U.S.$900,000,000 5.375 per cent. Notes due 2019 (Stock code: 5824)


INFORMATION REGARDING NWCL BONDS


Reference is made to the joint announcement dated 6 January 2016 (the ''Joint Announcement'') published by New World China Land Limited (the ''Company''), New World Development Company Limited (''NWD'') and Easywin Enterprises Corporation Limited (the ''Offeror'') in respect of, among others, a voluntary conditional cash offer by The Hongkong and Shanghai Banking Corporation Limited on behalf of the Offeror, a wholly-owned subsidiary of NWD, to acquire all the issued shares of the Company (other than those already held by the Offeror and NWD) and to cancel all the outstanding options of the Company. Unless otherwise defined herein, capitalised terms used herein shall have the meanings ascribed to them in the Joint Announcement.

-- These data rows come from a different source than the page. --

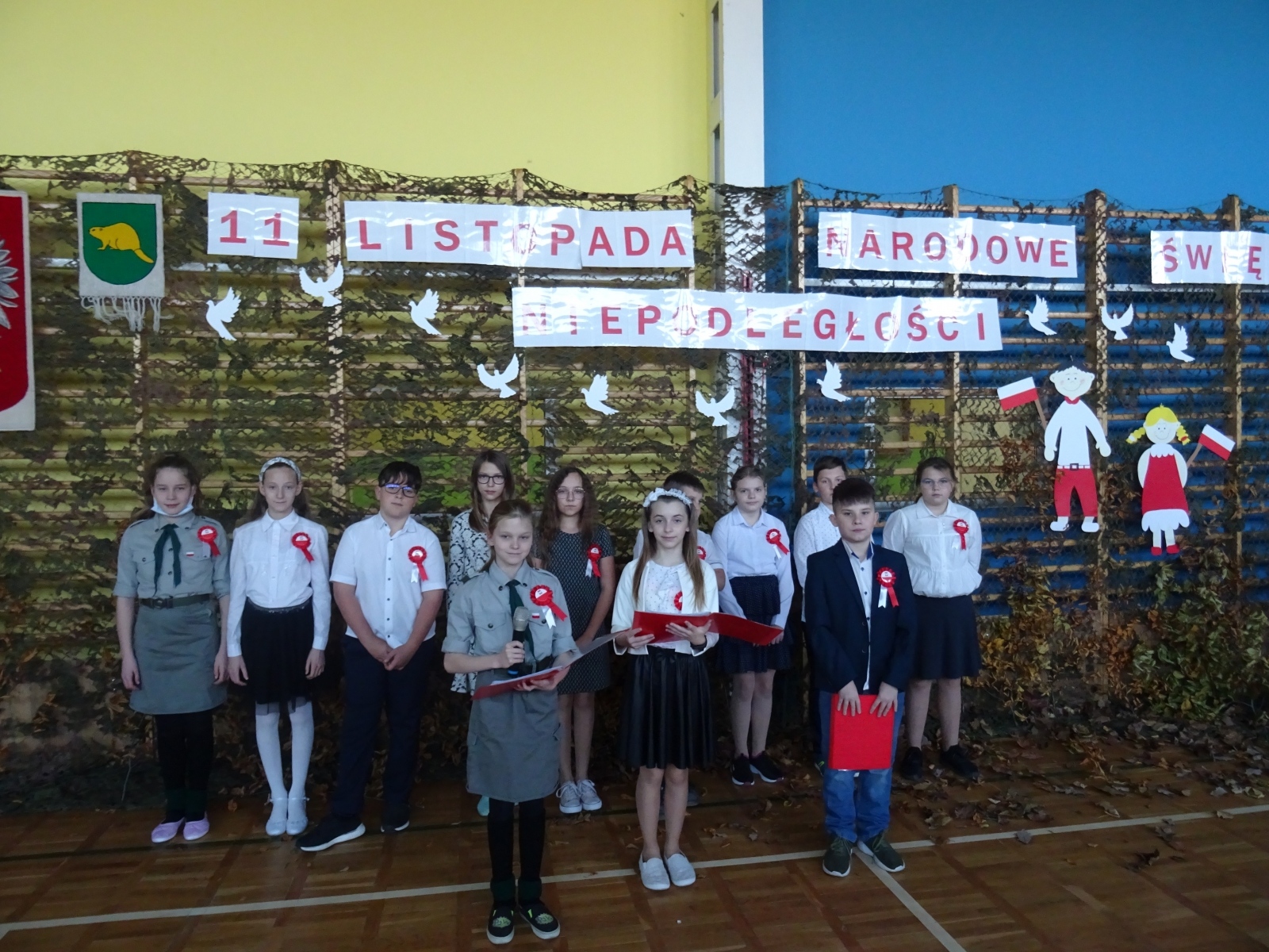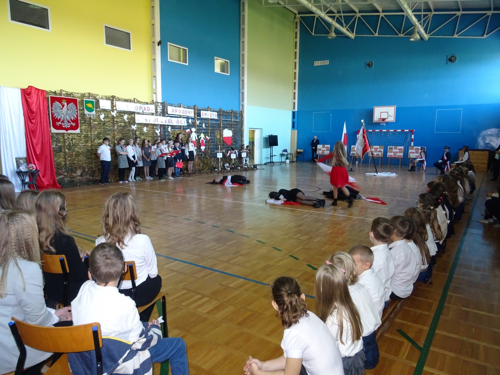 Na początku apelu cała społeczność szkolna wysłuchała deklamacji wierszy w wykonaniu Zosi, Julki, Magdy i Martyny, zwyciężczyń Gminnego Konkursu Poezji Patriotycznej w Bobrowie. Uczennice: Zofia Wydźgowska ( I miejsce – kat. IV-VI)i Julia Witkowska ( wyróżnienie– kat. IV-VI ) przygotowywały się do recytacji pod opieką p. Katarzyny Nadolskiej. Magdalena Klonowska ( II miejsce – kat. VII-VIII) i Martyna Panter ( wyróżnienie– kat. VII-VIII) ćwiczyły recytację poezji pod opieką p. Marka Piotrowskiego. Akademia zakończyła się uroczystym odśpiewaniem ,,Mazurka Dąbrowskiego”, tym samym nasza szkoła wzięła udział w ogólnopolskiej akcji ,,Szkoła do hymnu”. Uroczyste wprowadzenie i wyprowadzenie sztandaru szkoły oraz odśpiewanie hymnu państwowego odbyło się pod kierunkiem p. Arkadiusza Kanieckiego.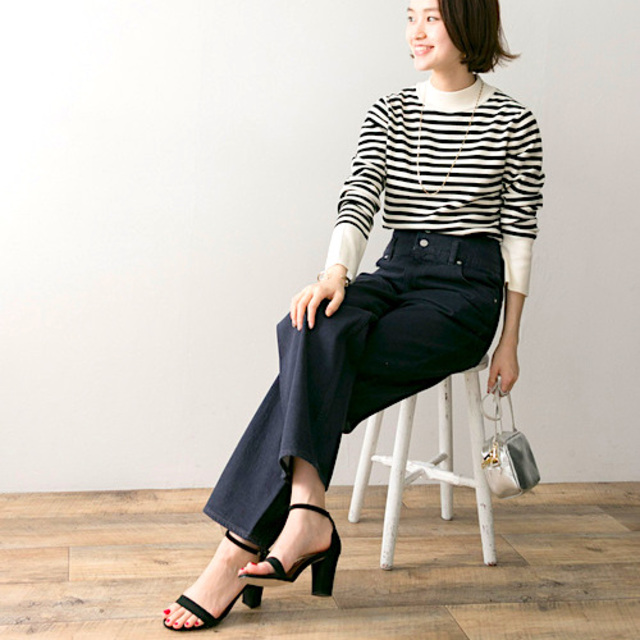 爽やかなボーダーでほんのり春を先取りしつつ、ジャケットや小物は黒で統一。全体をきゅっと引き締めることで、ヴィンテージライクなデニムも落ち着いた表情に。ゆるやかに広がるトレンドシルエットが脚ラインをきれいに見せ、ラフなのにきちんと整う大人バランスが完成します。
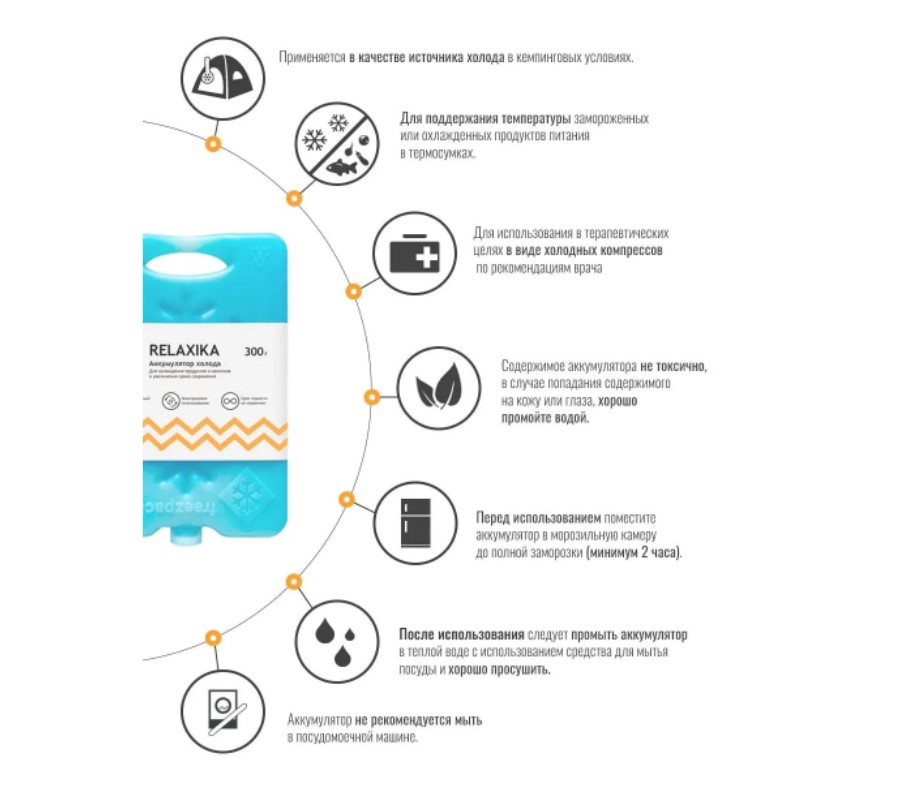 Перед использованием поместите аккумулятор в морозильную камеру до полной заморозки (минимум 2 часа). После использования следует промыть аккумулятор в теплой воде с использованием средства для мытья посуды и хорошо просушить. Аккумулятор не рекомендуется мыть в посудомоечной машине. Содержимое аккумулятора не токсичено, в случае попадания содержимого на кожу или глаза, хорошо промоете водой, в случае проглатывания по не осторожности – выпейте большое количество воды, при необходимости обратитесь к врачу.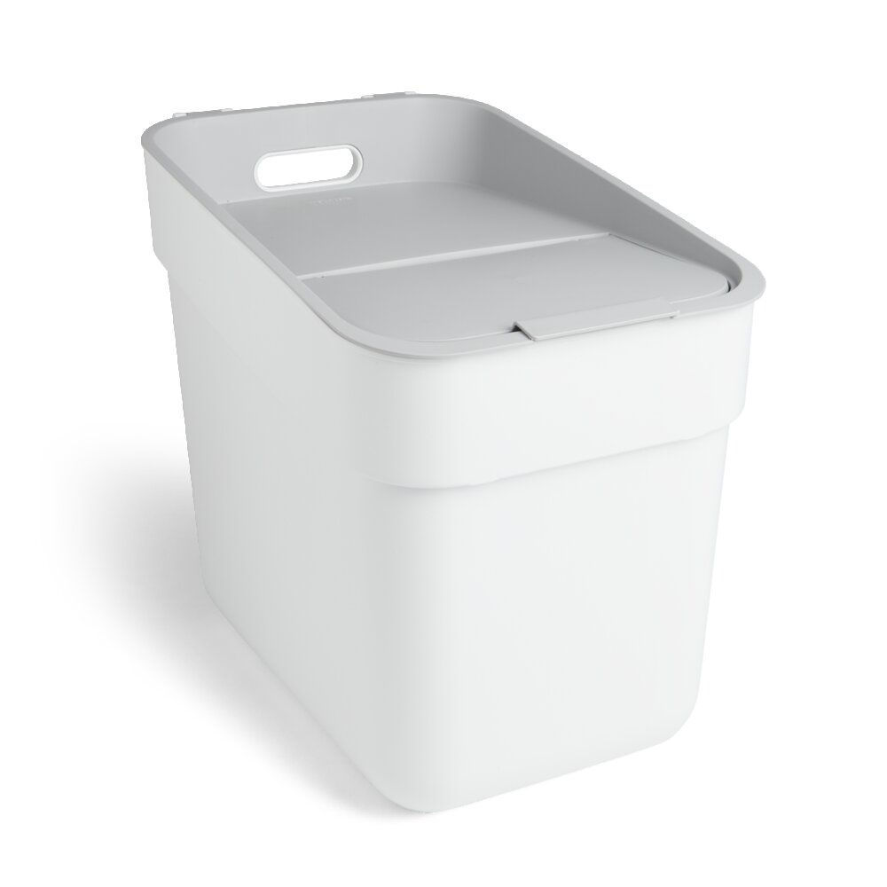 Optimize your sorting with this white bin with a light gray lid, a practical and aesthetic choice.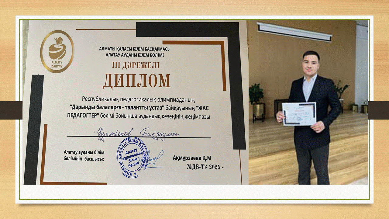 «Дарынды балаларға-талантты ұстаз» республикалық педагогикалық олимпиаданың аудандық кезеңінің жеңімпазы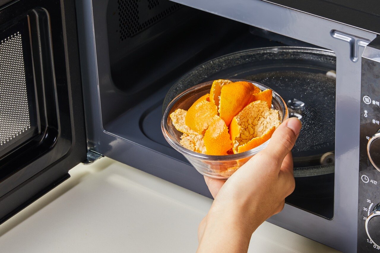 먹고 남은 귤 껍질은 전자레인지에 약 1분 돌린 후,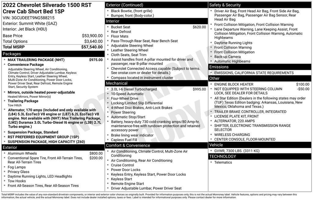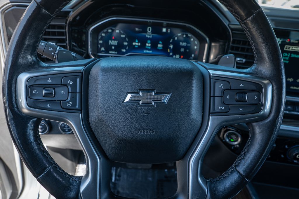 Summit White 2022 Chevrolet Silverado 1500 RST 4WD 10-Speed Automatic 3.0L I6 10-Speed Automatic, 4WD, Black Cloth, 10-Way Power Driver Seat w/Lumbar, 12.3" Multicolor Reconfigurable Digital Display, 120-Volt Bed Mounted Power Outlet, 120-Volt Instrument Panel Power Outlet, 6-Speaker Audio System, All-Star Edition, Auto-Locking Rear Differential, Bluetooth® For Phone, Chevrolet Connected Access Capable, Color-Keyed Carpeting Floor Covering, Compass, Convenience Package, Deep-Tinted Glass, Dual Rear USB Ports (Charge Only), Dual-Zone Automatic Climate Control, Electric Rear-Window Defogger, Electrical Steering Column Lock, Electronic Cruise Control, Enhanced Cooling Radiator, EZ Lift Power Lock & Release Tailgate, Front Frame-Mounted Black Recovery Hooks, Front LED Fog Lamps, Front Rubberized Vinyl Floor Mats, HD Rear Vision Camera, Heated Driver & Front Outboard Passenger Seats, Heated Power-Adjustable Outside Mirrors, Heated Steering Wheel, Heavier Duty Rear Springs, High Capacity Suspension Package, High Gloss Black Mirror Caps, Hitch Guidance, Increased RGAWR, Inside Rear-View Mirror w/Tilt, Integrated Trailer Brake Controller, Keyless Open & Start, Leather Wrapped Steering Wheel, LED Cargo Area Lighting, Manual Tilt/Telescoping Steering Column, Max Trailering Package, OnStar & Chevrolet Connected Services Capable, Power Front Windows w/Driver Express Up/Down, Power Front Windows w/Passenger Express Down, Power Rear Windows w/Express Down, Preferred Equipment Group 1SP, Rear 60/40 Folding Bench Seat (Folds Up), Rear Rubberized-Vinyl Floor Mats, Remote Vehicle Starter System, SiriusXM w/360L, Standard Suspension Package, Standard Tailgate, Steering Wheel Audio Controls, Theft Deterrent System (Unauthorized Entry), Trailering Package, Wheels: 20" x 9" Painted Aluminum, Wi-Fi Hot Spot Capable, Wireless Phone Projection.22/26 City/Highway MPG

The board of directors of the Company would like to inform the holders of the NWCL Bonds (the ''NWCL Bondholders'') that if the level of acceptances of the Share Offer reaches the prescribed level under the Cayman Islands Companies Law required for compulsory acquisition and the requirements of Rule 2.11 of the Takeovers Code are satisfied, and if the Offeror exercises such right and completes the compulsory acquisition, while an application will be made for the withdrawal of the listing of the NWCL Shares from the Stock Exchange pursuant to Rule 6.15 of the Listing Rules, the listing of the NWCL Bonds on the Stock Exchange will be maintained. The Company will continue to meet its obligations under the NWCL Bonds irrespective of whether the Company will remain listed on the Stock Exchange.

The NWCL Bondholders are reminded to refer to the terms and conditions of the NWCL Bonds for their rights or actions to be taken in relation to the Offers. If the NWCL Bondholders are in any doubt as to any aspect of the Offers or as to their rights or actions to be taken, they should consult a licensed securities dealer, registered institution in securities, bank manager, solicitor, professional accountant or other professional advisers.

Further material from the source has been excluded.